Unlike the previous homework assignments, this one does not have separate short answer questions that are unrelated to coding. Thus, you will primarily turn in your R code. However, some components do also include short answer questions. These are marked by the word **Question** in bold. You can submit these answers in a separate pdf OR answer them in the comments of your R script at the appropriate positions.

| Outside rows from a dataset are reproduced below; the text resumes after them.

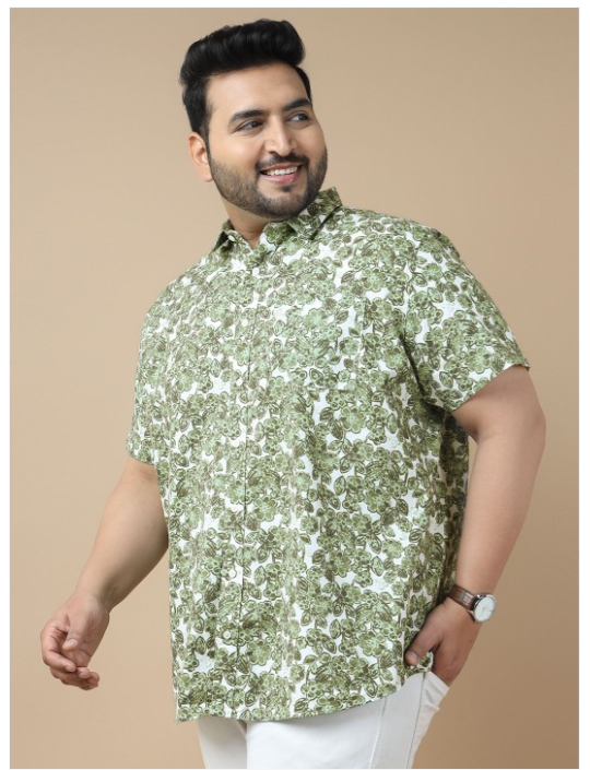 Green floral printed opaque Casual shirt ,has a spread collar, button placket, 1 patch pocket, short regular sleeves, curved hem
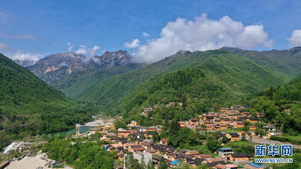 这是5月18日拍摄的陇南市宕昌县官鹅沟景区内的鹿仁村村貌(无人机照片)。
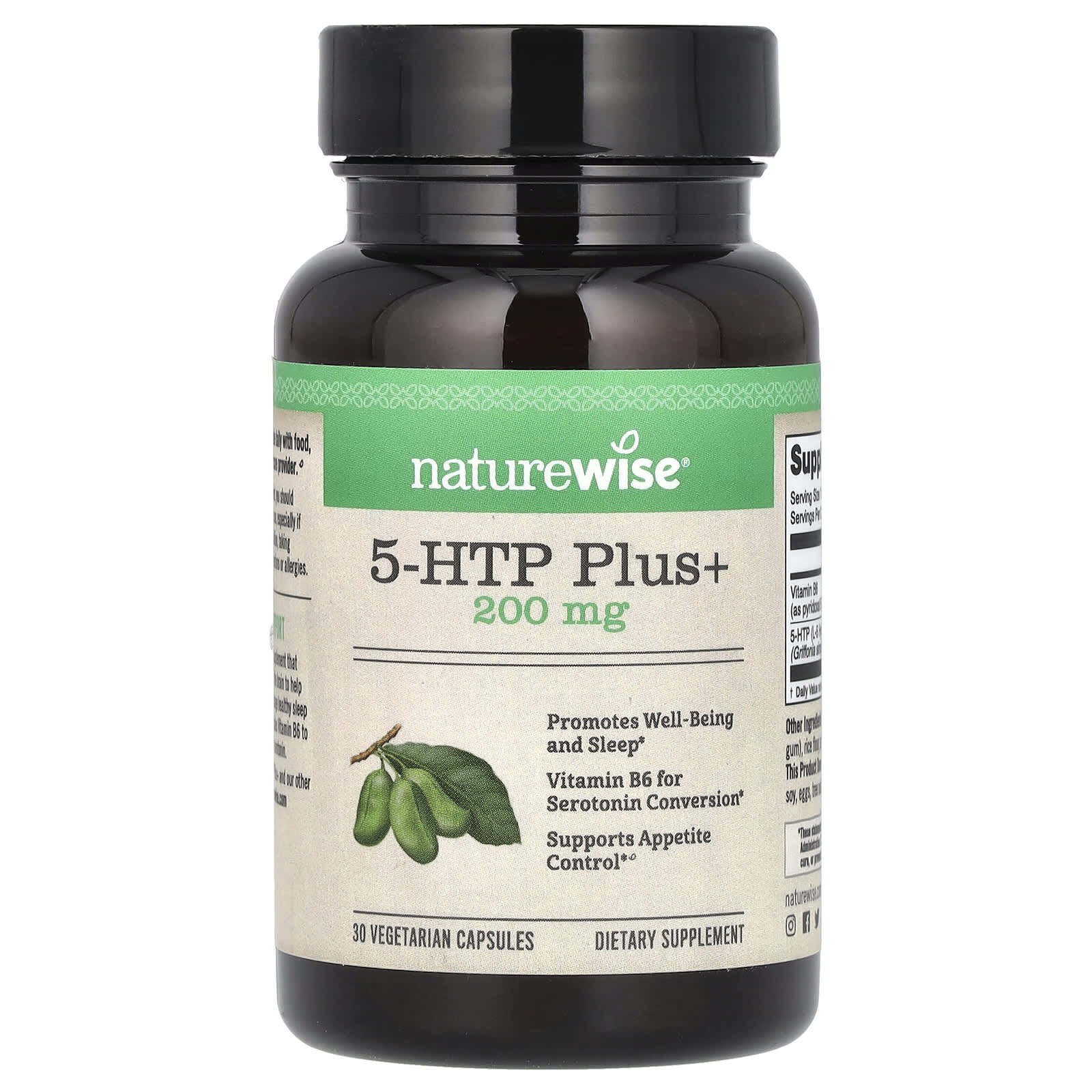 NatureWise, 5-HTP Plus+, 200 мг, 30 вегетарианских капсул

For this assignment, we’ll make use of a dataset of lexical decision responses. As you may be aware, lexical decision is a task in which participants see a string of characters such as ‘flutter’ or ‘blutcher’ and have to rapidly push a button indicating whether it is a real word or not. Your dataset is the set of responses (‘word’ or ‘nonword’) made to actual words by 17 participants and is available as `bicknell_et_al_2010_lexdec_ling300.csv`

download here.

In particular, we’re interested in using the binary answers (correct / incorrect) to make inferences about the probability of getting a trial correct in this task, which we’ll call \(\pi\). (Remember that ‘correct’ means responding ‘word’, since this dataset is all actual words.) We’ll use two different Bayesian methods to estimate the posterior distribution on \(\pi\). Note that by itself, of course, this probability isn’t very interesting. However, these models are a simpler piece of an interesting analysis that examining whether \(\pi\) differs across conditions (for example, following related or unrelated prime words).

First steps:

- As the first R commands in your script, load the packages you’ll need for this assignment (
`dplyr`

,`ggplot2`

,`rjags`

) - Load the data from the file to a data frame called
`dat`

. (Do not use`file.choose()`

.) - Note that the second variable is factor with two levels ‘word’ and ‘nonword’. For the use of this variable with JAGS, it would be more convenient if it was a numeric vector, where a value of 1 indicates correct and 0 indicates incorrect. Using the
`dplyr`

package, add a column to this data frame called`correct`

that has this property.

- As the first R commands in your script, load the packages you’ll need for this assignment (

To start analyzing our beliefs about \(\pi\), we’ll use a very simple model, much like the one we discussed in class, and then perform inference with JAGS.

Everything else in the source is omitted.